Please fill out the form right at the bottom of this page and you will be placed on an initial email contact list for important project updates / how to register as a patient.

Gifts for M.E.’s planned launch is in early 2026. When launched, this website will be updated with pictures of available items, an accessible registration form, and clear instructions for patients.

This landing page is a starting point, not the final product.

Launching a nonprofit, especially while disabled, requires building in steps. The current plan looks like this:

Video + Landing Page → Initial Funding → Branding → Sponsorship Outreach → Final Website → Patient Applications → Gift Distribution

The focus now is building credibility, gaining support, and laying the foundation for a full launch in early 2026. The branding and site presentation of Gifts for M.E. will evolve as the project grows in scope, and will have testimonies and pictures from ME/CFS patients to showcase more stories with the disease than just Evan’s.

Donations go directly toward:

• Purchasing and shipping products

• Website upkeep and startup costs

• Fiscal sponsor administrative fees (5%)

Our fiscal sponsor must approve all uses of funds for project-related expenses.

Gifts for M.E. is fiscally sponsored by the MECFS Clinic MN, a volunteer-run 501(c)(3) nonprofit treating ME/CFS and Long COVID patients at no cost. All donations are tax-deductible to the extent allowed by law.

This is Evan’s second nonprofit project. While in college, he founded the Evan Erickson Music Call for Scores: a classical music charity that operated from 2021 to 2025 created to provide professional opportunities for marginalized composers. Evan comes from a low-income background and has built his work around using privilege to uplift underrepresented communities.

Through his first charity, Evan:

• Helped 17 emerging composers get their music performed and recorded

• Managed 500 applications from 55 countries

• Raised $10,000 in prizes and donations

• Received sponsorships from companies like Yamaha's Steinberg

• Earned his university’s “Award of Outstanding Achievement” and “Presser Scholar” awards

You can learn more about Evan’s past work by clicking here.

As a fiscally sponsored organization of the MECFS Clinic of MN, we are able to solicit tax-deductible item donations that will stretch the project’s budget much farther.

Our goal budget is $10,000+ in order to help as many as 100 patients between 2026 and 2027. This amount covers the startup costs for the business and leaves enough room to spend $50-200 per patient.

Gifts for M.E. will be able to launch and make a notable difference even if the full goal is not met.

Please consider making a monthly or one-time donation tax-deductible donation.

In short:
Evan runs the project. The fiscal sponsor oversees the project, manages funds, and makes sure everything is accountable.

A fiscal sponsorship is a way for new or small charitable projects (like Gifts for M.E.) to operate under the legal and tax-exempt status of an established 501(c)(3) nonprofit.

Instead of creating a brand-new nonprofit from scratch, Evan partnered with a trusted organization that believes in his mission. They handle things like financial oversight, legal compliance, and donation processing. This means your contributions can still be tax-deductible and go toward a verified, mission-aligned cause.

The current highlights of eye masks and noise-cancelling headphones are most commonly helpful for severe ME/CFS patients with sensory issues, but are not the only items planned.

If there are specific items not listed that would benefit you or other ME/CFS patients, please send Evan an email — evan@giftsforme.org. All suggestions will be considered.

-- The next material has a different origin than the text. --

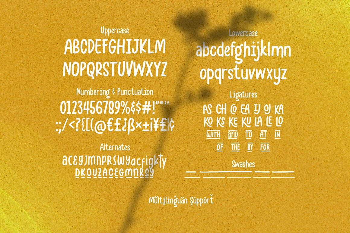 You can combine the uppercase and lowercase to get the more unique and cute design, equipped with stylistic alternates, ligatures, Sallomae is perfect for kids’ merchandise, quotes, t-shirts, posters, social media, pillow, packaging, storybook, food menu, cafe decoration, logos, and much more!

If you are an ME/CFS patient or caretaker, please still register your email at the bottom of this page for updates in case we end up offering something beneficial to your unique situation.

Gifts for M.E. is designed to be flexible: no rigid deadlines, no constant upkeep, and no pressure to operate beyond capacity. That flexibility makes it sustainable even through periods of inconsistent health.

ME/CFS is an unpredictable, fluctuating illness. Some days allow for limited activity, others require total rest. This project is intentionally modeled after Evan’s previous charity structure, which was low-bandwidth and asynchronous, often requiring just a few emails or tasks per week.

Limiting the applicants to be within the organizer’s home country allows the project to remain sustainable with the organizer’s health and the fiscal sponsor’s capabilities.

We would love to expand to offer help to more countries, but this is not possible at this time.

If you live in the United Kingdom, please look into the program Smile for M.E. This is another patient-led organization that has provided care packages to 1,800+ ME/CFS patients since launching in 2012.